§ REQUIREMENT: Transcribe the data below verbatim from the line with "德转列落选金球提名阵容:伊萨克、巴尔韦德、穆西亚拉领衔" to the line with "Similarly, pages about". Include both of those lines.

§ INFORMATION GIVEN:

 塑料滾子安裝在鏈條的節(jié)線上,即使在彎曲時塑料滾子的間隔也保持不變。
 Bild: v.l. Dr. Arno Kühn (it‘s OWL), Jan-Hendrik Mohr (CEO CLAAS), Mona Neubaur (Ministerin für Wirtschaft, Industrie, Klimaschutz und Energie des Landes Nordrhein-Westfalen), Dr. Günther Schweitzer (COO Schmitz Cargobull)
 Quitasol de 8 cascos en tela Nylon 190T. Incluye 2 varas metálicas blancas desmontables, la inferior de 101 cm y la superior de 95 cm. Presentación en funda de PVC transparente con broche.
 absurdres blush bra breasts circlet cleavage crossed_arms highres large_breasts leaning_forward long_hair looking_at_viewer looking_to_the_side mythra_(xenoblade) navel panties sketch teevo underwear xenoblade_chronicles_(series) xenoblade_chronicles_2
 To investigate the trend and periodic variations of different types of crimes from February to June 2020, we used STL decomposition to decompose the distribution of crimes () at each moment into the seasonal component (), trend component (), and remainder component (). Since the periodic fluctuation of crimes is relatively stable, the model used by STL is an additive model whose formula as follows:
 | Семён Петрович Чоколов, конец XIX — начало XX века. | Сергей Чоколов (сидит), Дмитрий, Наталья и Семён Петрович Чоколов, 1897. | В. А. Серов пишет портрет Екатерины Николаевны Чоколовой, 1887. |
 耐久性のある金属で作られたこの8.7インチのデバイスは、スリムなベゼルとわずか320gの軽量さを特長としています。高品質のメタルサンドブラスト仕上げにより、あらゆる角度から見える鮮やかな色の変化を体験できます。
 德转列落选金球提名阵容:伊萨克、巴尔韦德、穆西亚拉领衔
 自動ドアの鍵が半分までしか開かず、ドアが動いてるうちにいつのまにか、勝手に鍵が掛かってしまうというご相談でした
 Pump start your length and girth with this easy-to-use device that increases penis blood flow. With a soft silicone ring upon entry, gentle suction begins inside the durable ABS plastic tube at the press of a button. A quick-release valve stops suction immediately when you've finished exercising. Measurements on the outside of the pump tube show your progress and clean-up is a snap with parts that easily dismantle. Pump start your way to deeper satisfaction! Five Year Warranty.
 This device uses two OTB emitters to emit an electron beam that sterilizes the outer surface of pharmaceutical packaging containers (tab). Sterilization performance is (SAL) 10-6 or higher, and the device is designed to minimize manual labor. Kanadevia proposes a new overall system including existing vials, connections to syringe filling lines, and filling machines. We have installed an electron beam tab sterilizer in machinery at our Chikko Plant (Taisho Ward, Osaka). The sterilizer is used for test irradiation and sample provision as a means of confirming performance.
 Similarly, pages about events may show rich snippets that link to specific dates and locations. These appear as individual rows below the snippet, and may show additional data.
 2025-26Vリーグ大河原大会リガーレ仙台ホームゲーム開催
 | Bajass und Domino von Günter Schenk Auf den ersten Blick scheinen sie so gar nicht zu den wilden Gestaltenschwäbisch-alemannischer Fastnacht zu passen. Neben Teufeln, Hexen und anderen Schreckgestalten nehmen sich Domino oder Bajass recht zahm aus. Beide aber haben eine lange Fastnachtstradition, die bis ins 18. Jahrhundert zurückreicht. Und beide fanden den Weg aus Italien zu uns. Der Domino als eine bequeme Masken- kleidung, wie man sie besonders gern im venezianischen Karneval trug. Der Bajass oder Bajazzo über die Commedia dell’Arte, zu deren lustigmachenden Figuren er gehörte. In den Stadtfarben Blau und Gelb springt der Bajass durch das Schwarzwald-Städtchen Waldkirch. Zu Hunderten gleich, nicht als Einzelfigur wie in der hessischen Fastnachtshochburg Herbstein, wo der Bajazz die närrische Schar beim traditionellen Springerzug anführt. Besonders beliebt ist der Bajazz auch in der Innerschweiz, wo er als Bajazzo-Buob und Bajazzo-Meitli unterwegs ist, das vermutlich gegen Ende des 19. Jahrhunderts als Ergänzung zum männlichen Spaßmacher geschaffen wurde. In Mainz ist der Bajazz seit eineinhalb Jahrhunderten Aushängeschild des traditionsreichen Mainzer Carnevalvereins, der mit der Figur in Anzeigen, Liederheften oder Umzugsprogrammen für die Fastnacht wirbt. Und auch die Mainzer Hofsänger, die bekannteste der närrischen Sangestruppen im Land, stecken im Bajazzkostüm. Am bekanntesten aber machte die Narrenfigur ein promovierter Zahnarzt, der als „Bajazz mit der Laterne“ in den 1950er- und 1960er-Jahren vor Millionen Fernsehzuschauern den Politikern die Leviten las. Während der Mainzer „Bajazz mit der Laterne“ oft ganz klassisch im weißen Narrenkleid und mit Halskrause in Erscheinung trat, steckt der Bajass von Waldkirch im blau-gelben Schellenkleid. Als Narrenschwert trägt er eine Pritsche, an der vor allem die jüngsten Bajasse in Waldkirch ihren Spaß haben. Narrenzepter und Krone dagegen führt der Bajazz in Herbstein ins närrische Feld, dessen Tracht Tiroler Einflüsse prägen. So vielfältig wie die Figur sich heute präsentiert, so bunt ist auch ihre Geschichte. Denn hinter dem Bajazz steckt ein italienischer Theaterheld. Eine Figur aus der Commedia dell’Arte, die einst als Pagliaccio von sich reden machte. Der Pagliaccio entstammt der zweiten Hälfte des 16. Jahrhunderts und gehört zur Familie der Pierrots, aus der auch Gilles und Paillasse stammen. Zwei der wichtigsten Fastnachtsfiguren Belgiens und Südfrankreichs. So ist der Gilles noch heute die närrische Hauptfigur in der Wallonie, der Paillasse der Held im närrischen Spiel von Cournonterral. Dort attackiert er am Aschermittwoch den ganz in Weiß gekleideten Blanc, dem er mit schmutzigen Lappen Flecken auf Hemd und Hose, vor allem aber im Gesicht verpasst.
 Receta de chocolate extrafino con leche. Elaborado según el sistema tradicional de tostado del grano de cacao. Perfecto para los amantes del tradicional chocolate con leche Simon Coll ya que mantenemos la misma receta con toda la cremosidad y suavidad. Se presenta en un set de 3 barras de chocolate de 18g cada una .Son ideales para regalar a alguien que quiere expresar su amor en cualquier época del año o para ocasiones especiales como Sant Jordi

§ TASK RESPONSE:
 德转列落选金球提名阵容:伊萨克、巴尔韦德、穆西亚拉领衔
 自動ドアの鍵が半分までしか開かず、ドアが動いてるうちにいつのまにか、勝手に鍵が掛かってしまうというご相談でした
 Pump start your length and girth with this easy-to-use device that increases penis blood flow. With a soft silicone ring upon entry, gentle suction begins inside the durable ABS plastic tube at the press of a button. A quick-release valve stops suction immediately when you've finished exercising. Measurements on the outside of the pump tube show your progress and clean-up is a snap with parts that easily dismantle. Pump start your way to deeper satisfaction! Five Year Warranty.
 This device uses two OTB emitters to emit an electron beam that sterilizes the outer surface of pharmaceutical packaging containers (tab). Sterilization performance is (SAL) 10-6 or higher, and the device is designed to minimize manual labor. Kanadevia proposes a new overall system including existing vials, connections to syringe filling lines, and filling machines. We have installed an electron beam tab sterilizer in machinery at our Chikko Plant (Taisho Ward, Osaka). The sterilizer is used for test irradiation and sample provision as a means of confirming performance.
 Similarly, pages about events may show rich snippets that link to specific dates and locations. These appear as individual rows below the snippet, and may show additional data.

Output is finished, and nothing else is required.